The room, which came to a cost of €3,843 over two nights, ranks as probably the most expensive room ever booked on behalf of an Irish government minister.
The bill was amassed at the luxury Hotel Des Bergues in Geneva, Switzerland, where Martin stayed during a meeting of the World Health Assembly.
Martin, who is considered one of the frontrunners to succeed Taoiseach Brian Cowen as leader of Fianna Fáil, was minister for health at the time of the trip in May 2004.
The Cork minister, who is now minister for foreign affairs, has until now almost entirely avoided any criticism regarding his travel arrangements.
However, details have now emerged of high expenses Martin incurred on official business abroad while he was at a different department, following publication of the political expenses book Snouts in the Trough.
Overseas travel for the then health minister and ministers of state at the Department of Health cost up to €20,000 a month.

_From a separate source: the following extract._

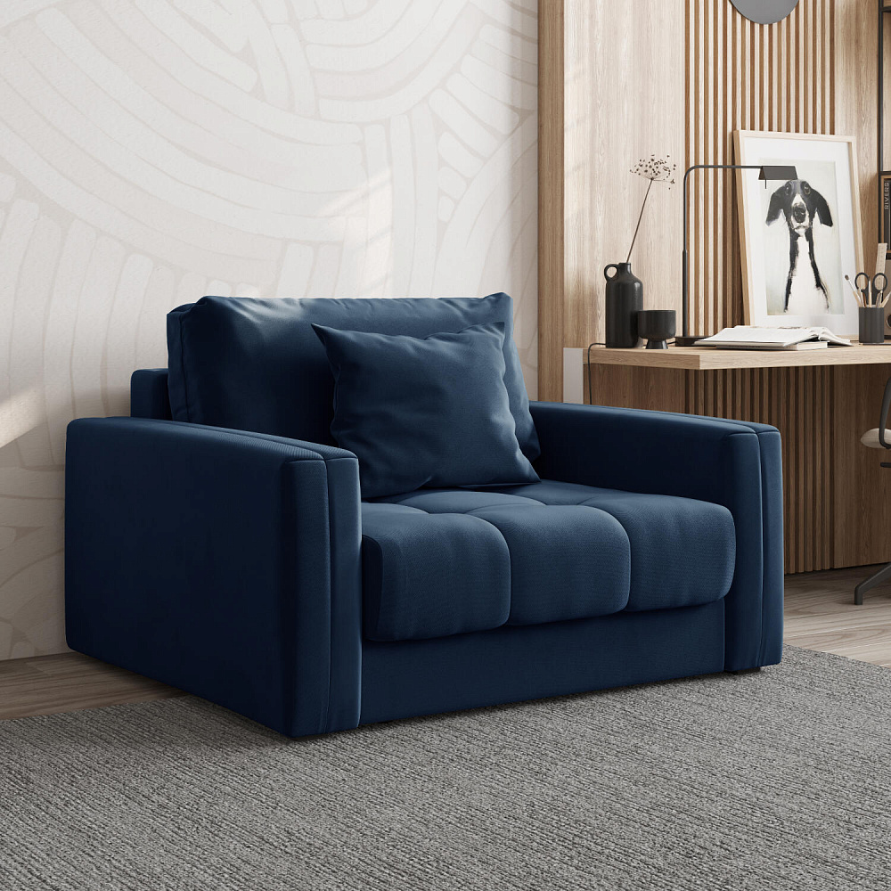Кресло-кровать «Дензел» — лучшее сочетание компактности и функциональности в современном стиле. Кресло обладает глубокой посадкой, а подушки позволяют создать удобное место для отдыха. Спинка модели выполнена в обивочной ткани, что позволяет использовать кресло-кровать для зонирования комнаты.

In April 2004, the final bill for Martin, two junior ministers and some advisers came to €17,855, excluding flights.
On a trip to Prague that month, a total of €3,557 was spent by Martin and his delegation at the Hotel Intercontinental in the Czech capital.
Also paid out on that trip was a €48.43 bill at Tesco for "personal items" for the minister, including toothpaste, deodorant, body milk and razor blades.
The bill was tiny, however, when set against the cost of a limousine on a trip to San Francisco for St Patrick's Day that year. Booked through Carey Limousine, the cost of the car came to $12,072 (€9,876) in the space of just four days.
By June 2004, the bills were still arriving thick and fast and the Department of Health's overseas travel spend, not including airfares, was now up to €20,338.
Details of travel for former education minister Mary Hanafin have also emerged: more than €280,000 was spent in three years on the minister, her mother Mona and several civil servants.
Flights for three people to New Zealand, in the company of the President, cost more than €34,000, Department of Education records have shown.
Transport on that trip cost €2,747 while accommodation costs at the Intercontinental Hotel came to €1,110, with some costs understood to have been paid by another department.
Hanafin claimed €1,537 in subsistence while a VIP suite at airports en route cost €622 in 2007.